Впрочем, разглядеть цель здесь можно и не с первого раза, и он сам не сразу заметил погост, скрытый деревьями. Они здесь в чистом поле, в удалении от остального леса, растут не случайно. Это культурное наследие, утраченное нами и сохранившееся на Севере — священная роща. Священные рощи дошли до нас с тех идолопоклонных времен, когда люди входили в лес как в храм, разговаривали с деревьями, благодарили зверей и просили не обижаться, когда убивали их, чтобы жить самим.
Священные рощи вырастали на священных местах, "местах силы", а их в старину определять умели. Как правило, это были возвышенности вблизи от деревни, и священные рощи представляли собой зеленый островок на холме. В этих местах просили нечистых духов о благожелательном отношении. С приходом христианства языческие обычаи уходили, но священные рощи остались, и зачастую место расположения церкви совпадало с местом, где росла священная роща.

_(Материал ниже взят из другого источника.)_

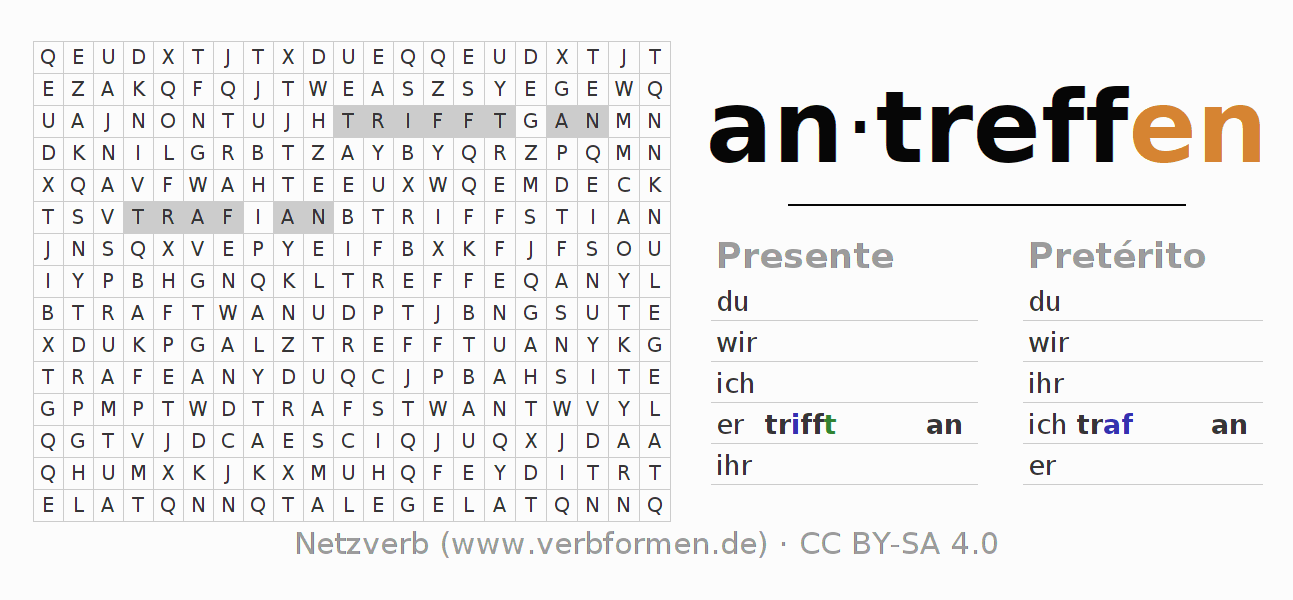 Solução do caça-palavras para a conjugação do verbo antreffen

Так произошло и с погостом. Церковный комплекс стоит на вершине холма в старой священной роще, и ограда идет точно по ее окраине.
Дело было в октябре, и темнело рано. На озере пронзительно перекрикивались дикие гуси, которых ночь также застала в пути — они летели на юг. Андрей отложил осмотр погоста на утро и тоже занялся делом — нашел место для стоянки, натаскал валежник из леса и уже в темноте и тишине устроился у костра на берегу озера.
Октябрь — особо любимое Андреем красивое время, когда лес уже прозрачен, но окутан дымкой, утренним туманом и, как и летом, предстает загадочным миром, скрывающим от посторонних свои тайны. Уже не слышно птиц, уже не жужжат насекомые, не трещат сверчки, и в тишине только гуси суетливо перекрикиваются, словно тетки, последними покидающие опустевший курорт и проверяющие, все ли купальники в чемодане, когда такси уже сигналит под окном.
Позавтракав, Андрей двинулся к покинутому людьми миру. Раньше здесь был слышен стук топора, хозяйский взгляд окидывал окрестности, прикидывая, где будет стоять дом, а где будет расти хлеб, и куда будет поставлена баня. Теперь никому не нужен этот дом, никому не интересно, тепло ли там зимой, и как тянет печь. Здесь все закончилось, и со временем земля примет обратно все то, что когда-то поселенцы взяли у нее.
«Металлический» привкус смерти здесь был скорее древесным. Двери в покосившихся домах открыты. Гостя встречает полумрак.
В советском кино раньше был такой прием: вместо того, чтобы писать «прошло три месяца», показывали, как с отрывного календаря слетают листки с числами. Здесь же летят обратно годы и десятилетия. Когда-то аккуратные хозяева клеили на эти газеты обои, стараясь добавить уют своему простому жилищу. Хозяева умерли, и никому не нужен ни их дом, ни их уют. Теперь туристы, небрежно обрывая обои на растопку, слой за слоем обнажают стену, и летит машина времени.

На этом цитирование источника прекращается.